### Information provided
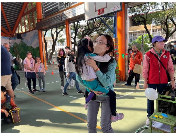
幼兒園學童參與親子趣味競賽。
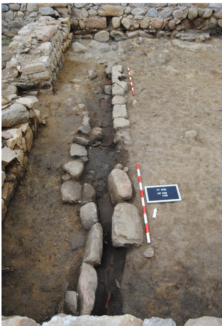
Figura 3. Imatge de la canal d'aigua dins de l'àmbit 1

Pel que fa als resultats arqueològics, cal esmentar que ha estat realment complicat establir una proposta cronològica clara per a la torre d'en Pega, atès que en termes de materials arqueològics ha estat realment pobra, però també degut a l'alt nivell d'espoli que ha patit l'edifici al llarg del temps.

### How to complete this task
The whole listing above is to be repeated exactly, apart from its pictures.

### Result for this exercise
幼兒園學童參與親子趣味競賽。
Figura 3. Imatge de la canal d'aigua dins de l'àmbit 1

Pel que fa als resultats arqueològics, cal esmentar que ha estat realment complicat establir una proposta cronològica clara per a la torre d'en Pega, atès que en termes de materials arqueològics ha estat realment pobra, però també degut a l'alt nivell d'espoli que ha patit l'edifici al llarg del temps.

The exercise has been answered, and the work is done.